Изменить стиль страницы

Партия есть союз людей, договорившихся друг с другом о том, каким путем и способом ей лучше всего захватить государственную власть в свои руки. Этот вопрос одни партии решают легально и лояльно, другие противозаконно и насильственно. Но посягание на полноту власти – присуще всем партиям, за исключением мелких, лишенных всякой перспективы и шансов.

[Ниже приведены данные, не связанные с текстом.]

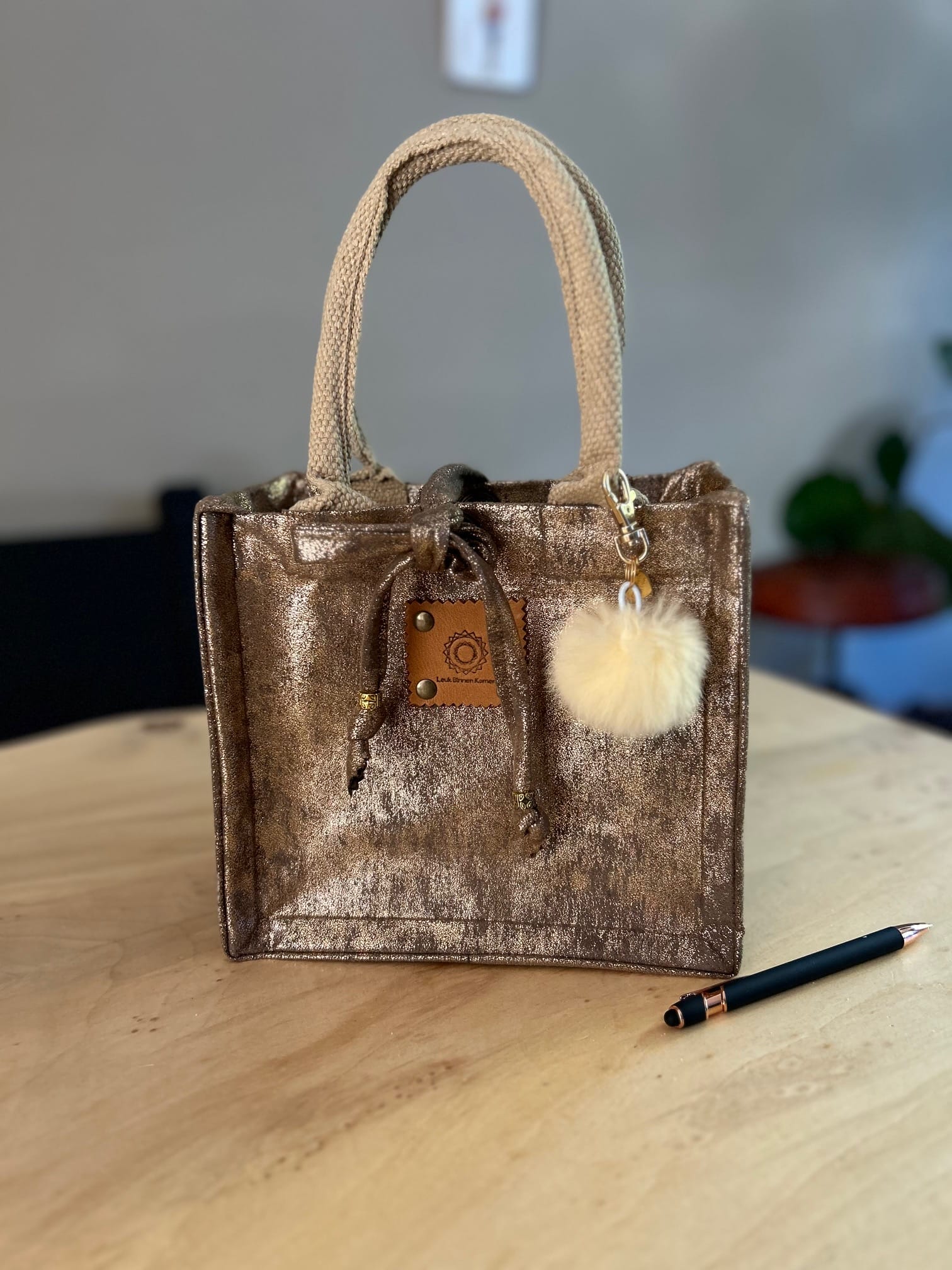 Kleine jute tas bekleed met fabby gold leatherlook. Een supermooie gouden kleur die de tas een chique uitstraling geeft. Deze kleine tas is uitgevoerd met luxe gewatteerde hengsels van 40 cm voor optimaal draagcomfort. De hengsels snijden niet in je handen! Leuk als lunchtas naar school, of naar je werk, maar ook als handtas heel handig!

Каждая партия тащит за собой к власти своих приверженцев и немедленно начинает их устраивать или «пристраивать», отодвигая «чужих» и выдвигая «своих». Бывает и так, что устраивают «свежих» перебежчиков, но во всяком случае «свои» должны быть устроены и иметь преобладание. «Партийный билет» есть великая сила. И мы можем быть уверены, что этот в сущности монопольно-тоталитарный образ действия уже усвоен всеми русскими эмигрантскими партиями, даже и не тоталитарными. Для этого ведутся особые списки, кому какая должность предназначается. И трудно вспомнить без горького смеха, как один ныне покойный эмигрант говорит в 1924 году ныне еще живому эмигранту: «Вы, знаете, поторопитесь, а то губернаторские должности все уже расписаны, да и от вице-губернаторских остается совсем немного!»… «Поторопился ли» предупрежденный, я и доселе не знаю. Но в эмиграции болезнь партийности, – а партийность есть именно политическая болезнь, – с тех пор, за тридцать почти лет, несомненно, и углубилась, и обострилась.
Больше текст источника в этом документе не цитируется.